(Recorded data)
*** Block opens ***

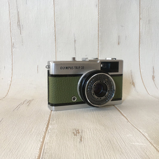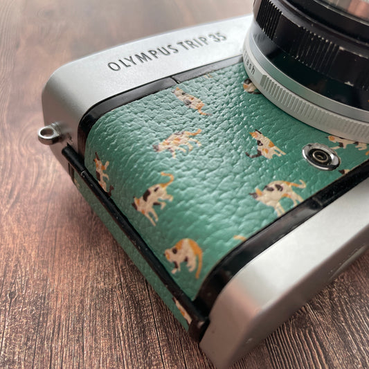 Vintage Film Camera Olympus Trip 35 35mm | Cat-Pattern Green Leather
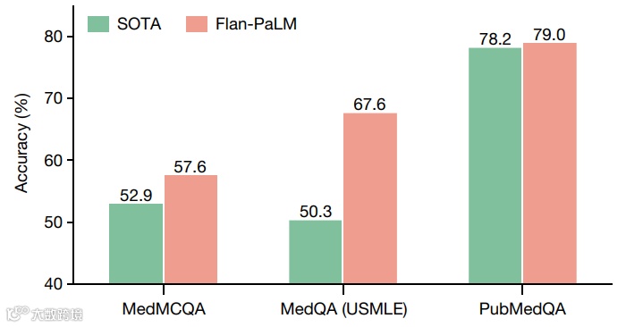 研究团队随后评估了PaLM(5400亿参数的大语言模型)及其变体Flan-PaLM。他们发现,在一些数据集中Flan-PaLM达到了最先进水平的表现。在整合美国医师执照考试类问题的MedQA数据集中,Flan-PaLM超过此前最先进的大语言模型达17%,达到了67.6%的准确率,达到了通过考试的标准(60%)。不过,虽然FLAN-PaLM的多选题成绩优良,进一步评估显示,它在回答消费者的医疗问题方面存在差距。
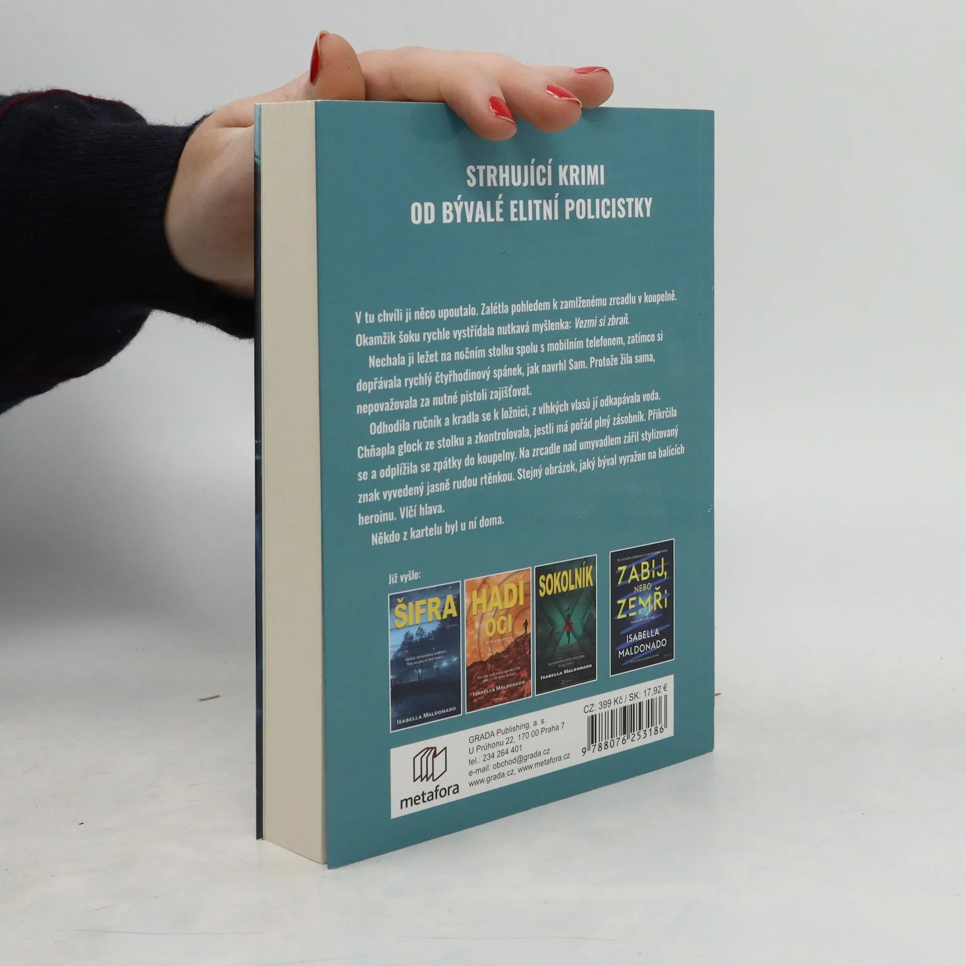 Detektiv Veranda Cruzová vede elitní protidrogový oddíl policie ve Phoenixu a má jediný, těžko splnitelný cíl: zničit nejmocnější zločinecký kartel na světě vedený Hectorem Villalobosem. Jen sama Veranda ví, že její posedlost kartelem má osobní a přísně tajný důvod – až do chvíle, kdy se její dvouletá práce v utajení zhroutí jako domeček z karet. Ona i její milovaná rodina se ocitnou v hledáčku obávaného drogového bosse Bartola a válka mezi strážci zákona a kartelem rázem získává velmi osobní příchuť. Tajná akce v poušti nabírá obrátky a Veranda s novým týmem z oddělení vražd je stále blíž. Dostat Bartola Villalobose je úkol číslo jedna, ale ani ona dosud netuší, jaké hrozivé tajemství se skrývá v minulosti… Je připravená vykoupit spravedlnost vlastním životem? Nová série od bestsellerové autorky, bývalé policistky a členky FBI Isabelly Maldonado. Vychází v překladu Dany Chodilové.
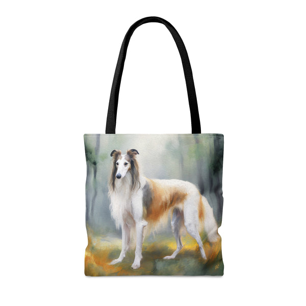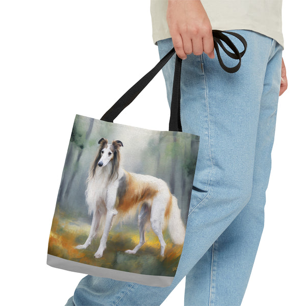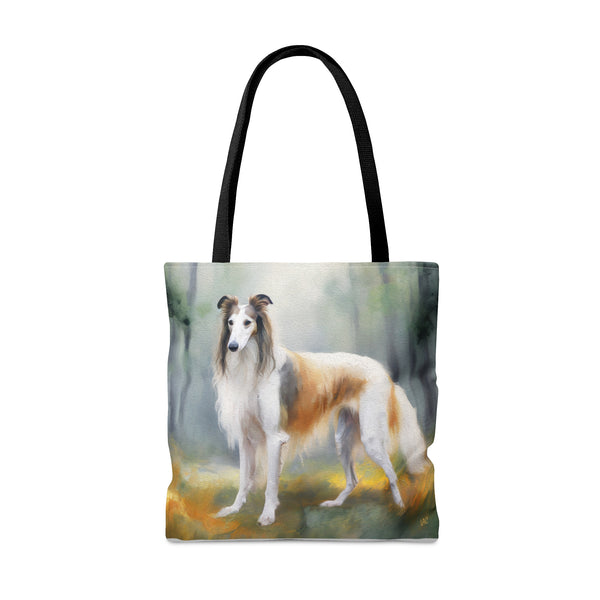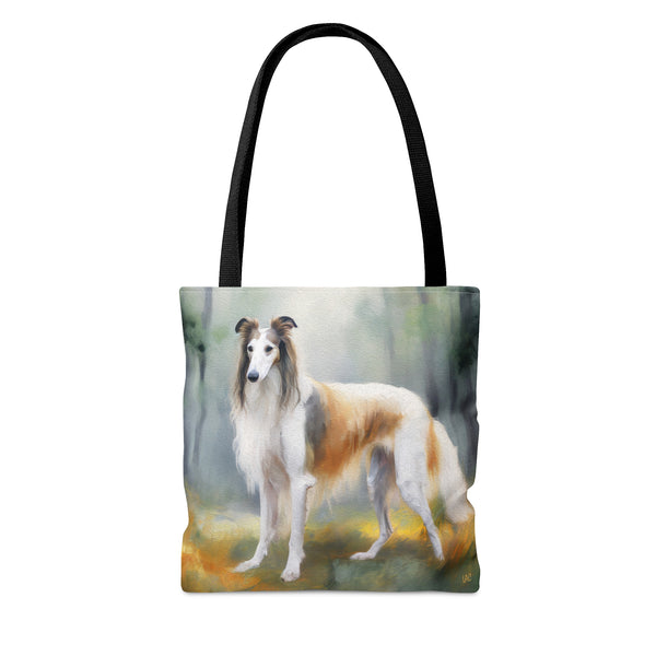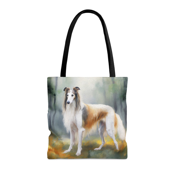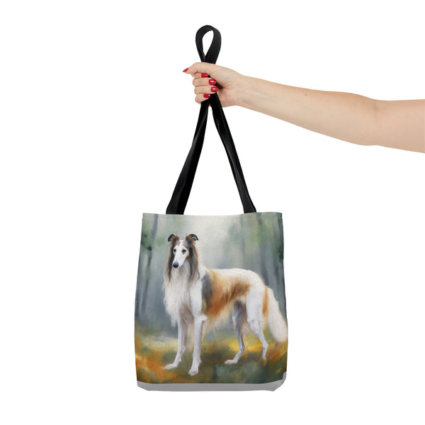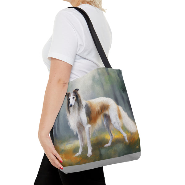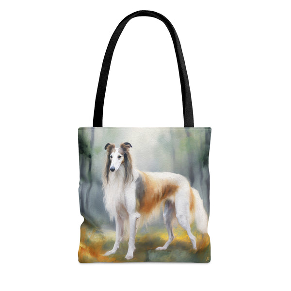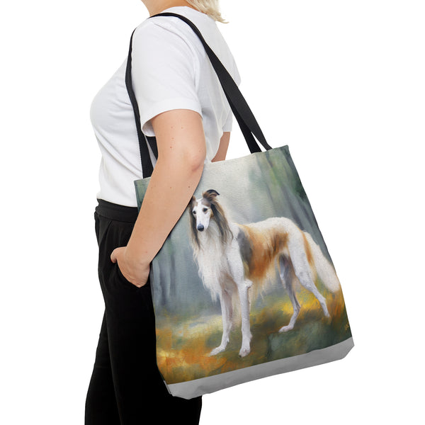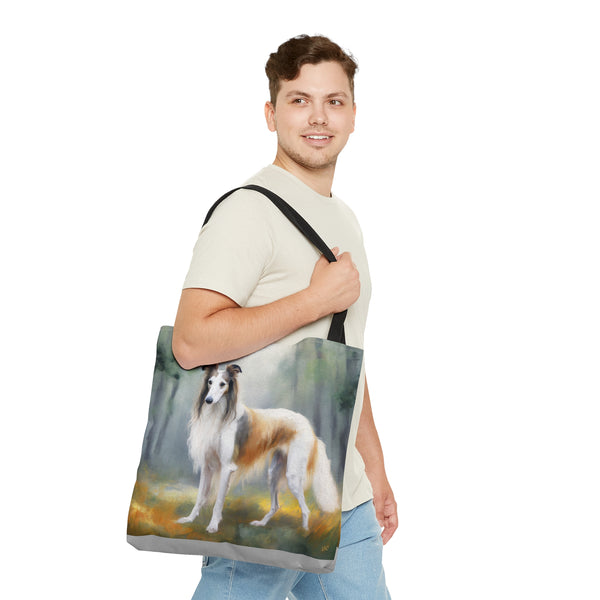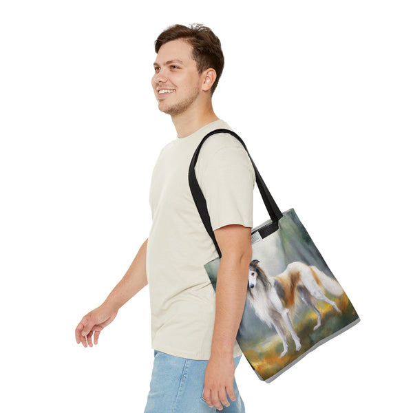 Embrace the elegance and mystique of the Borzoi 'Russian Wolfhound' Tote Bag. This exquisite accessory combines beauty with practicality, crafted from 100% durable polyester that withstands daily adventures. The captivating all-over print showcases an original painting, reflecting the noble and statuesque essence of the Borzoi, making a striking statement whether you're strolling along a sandy beach or navigating a bustling city.
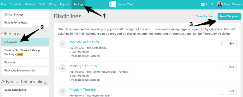 Next, we can create a discipline for the service. To do this, hop over to Settings> Disciplines > New Discipline.
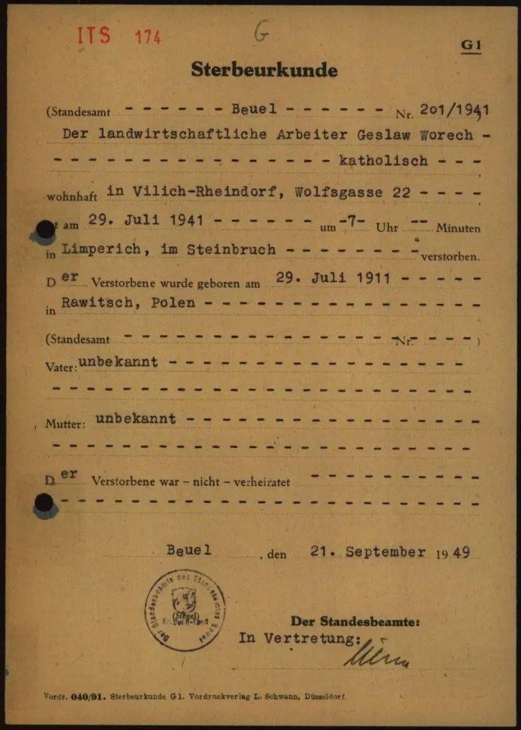 Sterbeurkunde Geslaw Woroch, Bonn-Beuel, 2.2.2.2/ 02020202 oS/ ITS Digital Archiv, Arolsen Archives.
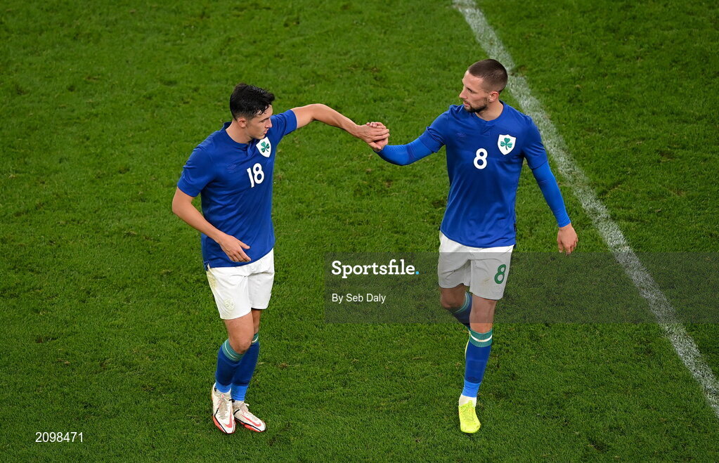 12 October 2021; Jamie McGrath, left, and Conor Hourihane of Republic of Ireland during the international friendly match between Republic of Ireland and Qatar at Aviva Stadium in Dublin. Photo by Seb Daly/Sportsfile
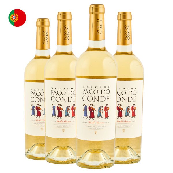 Kit com 4 Vinhos Portugueses Branco Seco Herdade Paço do Conde
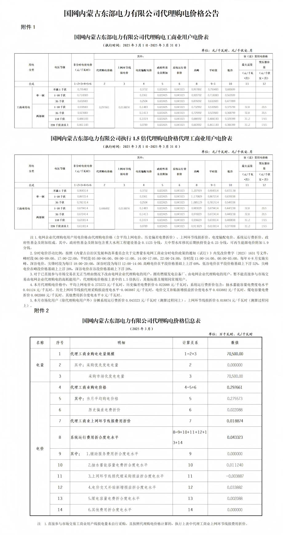 內蒙古(蒙東)3月份代理購電工商業(yè)用戶電價表

*** Block closes ***

Please output only the lines running from the one that holds "Kit com 4 Vinhos" through the last line of the entries, both ends included, without any images.

• **Response area**:
 Kit com 4 Vinhos Portugueses Branco Seco Herdade Paço do Conde
 內蒙古(蒙東)3月份代理購電工商業(yè)用戶電價表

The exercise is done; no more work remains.